| Try it |
Scan the entries for lines with the word "features" and copy those lines.

| Provided material |
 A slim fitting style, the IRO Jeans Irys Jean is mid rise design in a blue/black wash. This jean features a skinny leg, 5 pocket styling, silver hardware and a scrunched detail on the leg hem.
==
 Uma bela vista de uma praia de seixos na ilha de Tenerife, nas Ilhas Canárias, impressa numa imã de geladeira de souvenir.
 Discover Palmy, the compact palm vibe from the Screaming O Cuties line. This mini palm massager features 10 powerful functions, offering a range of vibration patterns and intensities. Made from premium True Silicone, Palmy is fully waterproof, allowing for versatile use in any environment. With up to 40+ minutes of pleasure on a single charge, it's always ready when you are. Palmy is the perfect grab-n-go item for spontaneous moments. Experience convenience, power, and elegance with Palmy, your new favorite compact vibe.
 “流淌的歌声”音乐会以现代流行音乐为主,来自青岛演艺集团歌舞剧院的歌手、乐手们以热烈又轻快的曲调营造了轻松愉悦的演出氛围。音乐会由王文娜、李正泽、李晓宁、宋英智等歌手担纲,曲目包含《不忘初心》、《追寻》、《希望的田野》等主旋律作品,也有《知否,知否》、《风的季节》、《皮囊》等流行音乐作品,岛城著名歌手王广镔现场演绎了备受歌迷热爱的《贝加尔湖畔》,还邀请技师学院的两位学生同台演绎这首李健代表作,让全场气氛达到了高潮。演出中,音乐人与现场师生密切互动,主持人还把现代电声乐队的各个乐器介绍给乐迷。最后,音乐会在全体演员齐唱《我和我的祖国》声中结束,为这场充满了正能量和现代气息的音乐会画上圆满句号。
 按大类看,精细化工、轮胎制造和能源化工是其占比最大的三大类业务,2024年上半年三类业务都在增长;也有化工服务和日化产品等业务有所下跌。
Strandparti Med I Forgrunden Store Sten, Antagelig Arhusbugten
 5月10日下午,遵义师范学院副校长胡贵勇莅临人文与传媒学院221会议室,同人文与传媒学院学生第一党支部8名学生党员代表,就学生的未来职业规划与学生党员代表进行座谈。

| Response area |
 A slim fitting style, the IRO Jeans Irys Jean is mid rise design in a blue/black wash. This jean features a skinny leg, 5 pocket styling, silver hardware and a scrunched detail on the leg hem.
 Discover Palmy, the compact palm vibe from the Screaming O Cuties line. This mini palm massager features 10 powerful functions, offering a range of vibration patterns and intensities. Made from premium True Silicone, Palmy is fully waterproof, allowing for versatile use in any environment. With up to 40+ minutes of pleasure on a single charge, it's always ready when you are. Palmy is the perfect grab-n-go item for spontaneous moments. Experience convenience, power, and elegance with Palmy, your new favorite compact vibe.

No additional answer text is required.